Ian Paice: drums and percussion

The Tracks:

  1. “King of Dreams”: This is one of the best songs. Turner’s vocals are great and the song lulled me into a false sense of security.
  2. ” The Cut Runs Deep “: Blackmore has good guitar moments, but Lord sounds terrible on the keys.
  3. ” Fire in the Basement “: A decent rocker, but not much else.
  4. “Truth Hurts”: Paice sounds like he’s not even trying to start a rhythm. The vocals are great.
  5. ” Breakfast in Bed”: The worst song on the album. It’s pretty corny.
  6. “Love Conquers All “: The weakest of the two singles. I almost felt like skipping this one.
  7. ” Fortuneteller”: Another one of the best songs, but it doesn’t save the album.
  8. “Too Much Is Not Enough”: Lord sounds terrible on this, but Blackmore sounds decent.
  9. “Wicked Ways “: A decent closer, but not much else.
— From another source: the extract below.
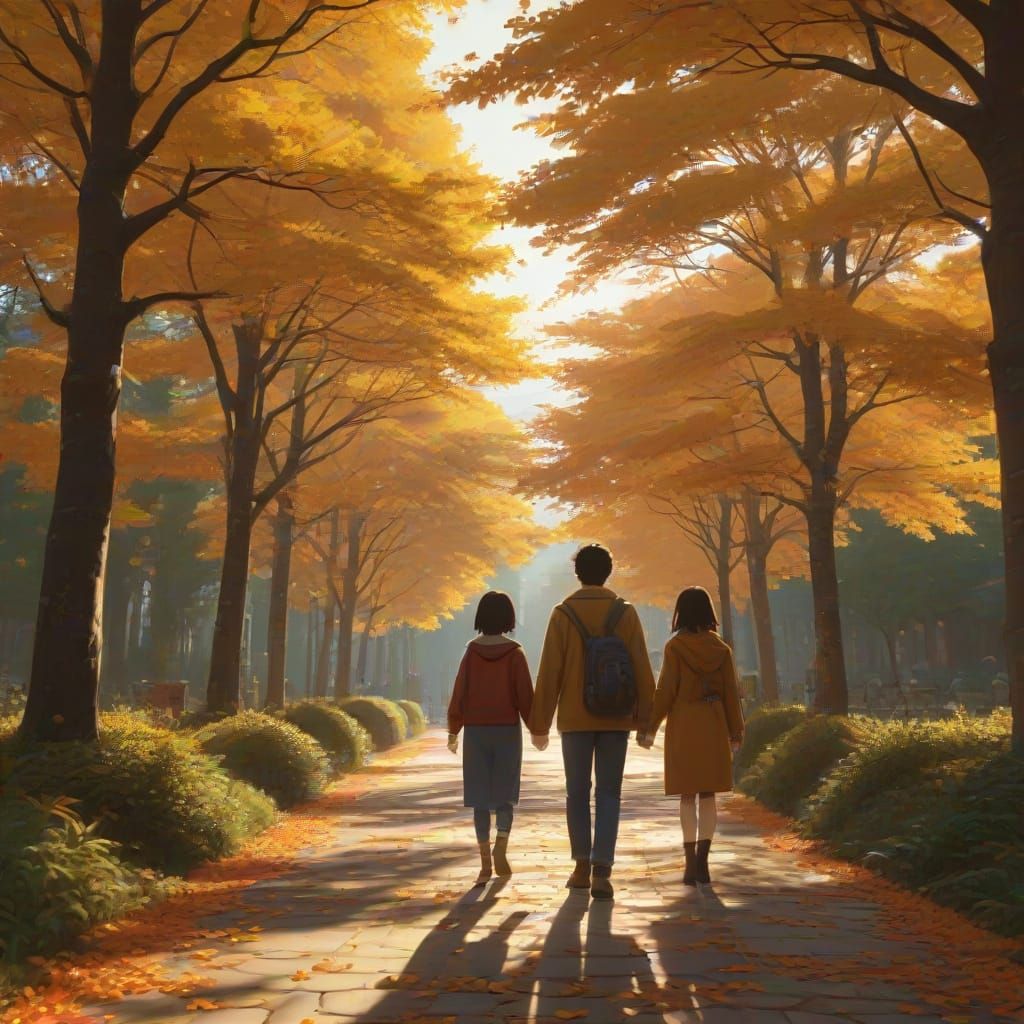 This image shows a couple walking through a park in autumn. The vibrant leaves and soft natural lighting create a cozy and serene atmosphere, in a Studio Ghibli-style anime aesthetic.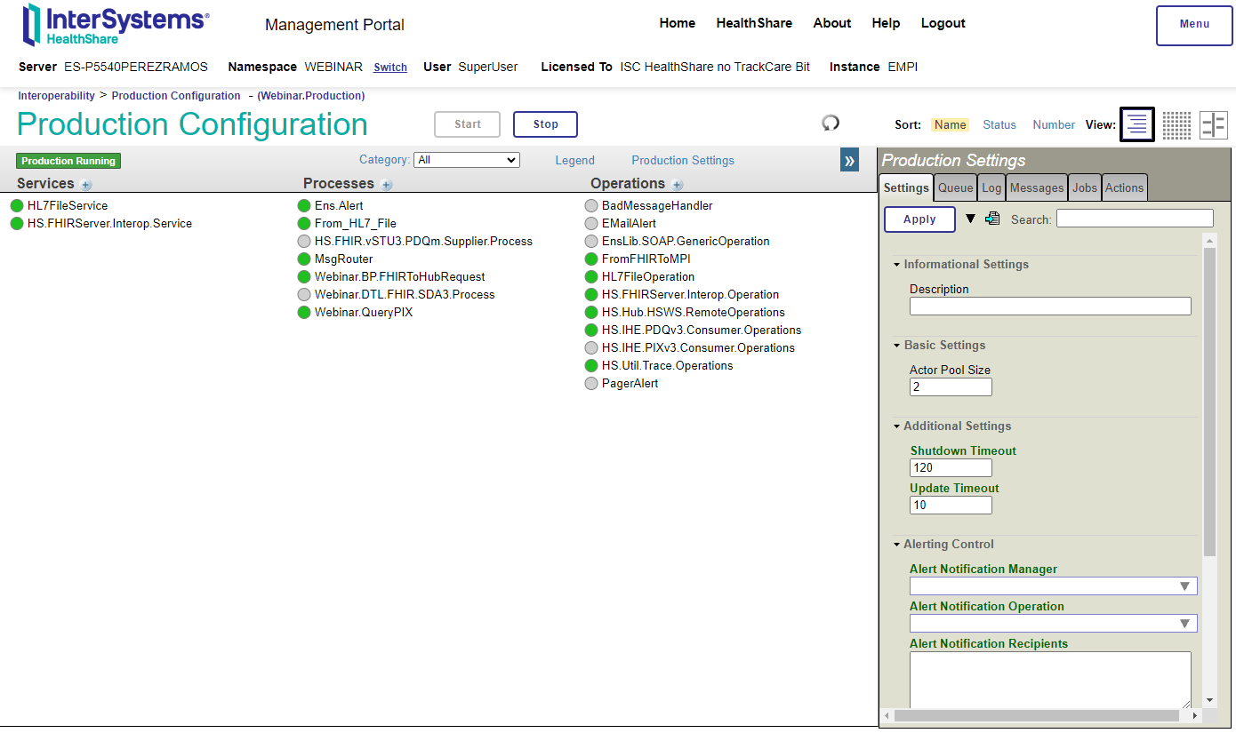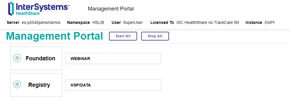 Cómo podéis observar, tras la instalación del EMPI en modo standalone se creó un servicio de Registry con todas las opciones necesariarias para configurar nuestro EMPI, así como un namespace que llamamos HSPIDATA y en el que disponemos de una producción para gestionar las funcionalidades de interoperabilidad que necesitamos.

Final Verdict: Sometimes when I do these Rankings, I come across an album that makes me think “Do I have to talk about this one?” This is one of those times. Turner is really the best thing about the album, but most of it doesn’t sound like Deep Purple at all. They sound too mainstream and poppy.

Grade: D

Author: rocklobsterjwt

I am a Christian and an anime fan. My blog will cover anime reviews and maybe an occasional story

2 thoughts on “Ranking the Discography: Deep Purple Part XIII: Slaves and Masters”

  1. After sharply disagreeing with you about HOUSE OF BLUE LIGHT, I’m glad to see us on the same page about this. Jon Lord refused to call this a Deep Purple album, and I think he was right. This wasn’t quite the death knell for Ritchie Blackmore’s involvement with Purple, but it wouldn’t be long. One inaccurate thing in your review: Rainbow was inactive at the time of the production of SLAVES AND MASTERS, because obviously Blackmore was still in Purple, and at that pint, Joe Lynn Turner’s most current musical activity had been recording and touring with Yngwie Malmsteen for the album ODYSSEY.

    1. Where’s the edit button on this thing? That should say ‘at that POINT,’ not ‘pint,’ although, given the quality of this album, I’m sure SOMEONE was drunk when it was made.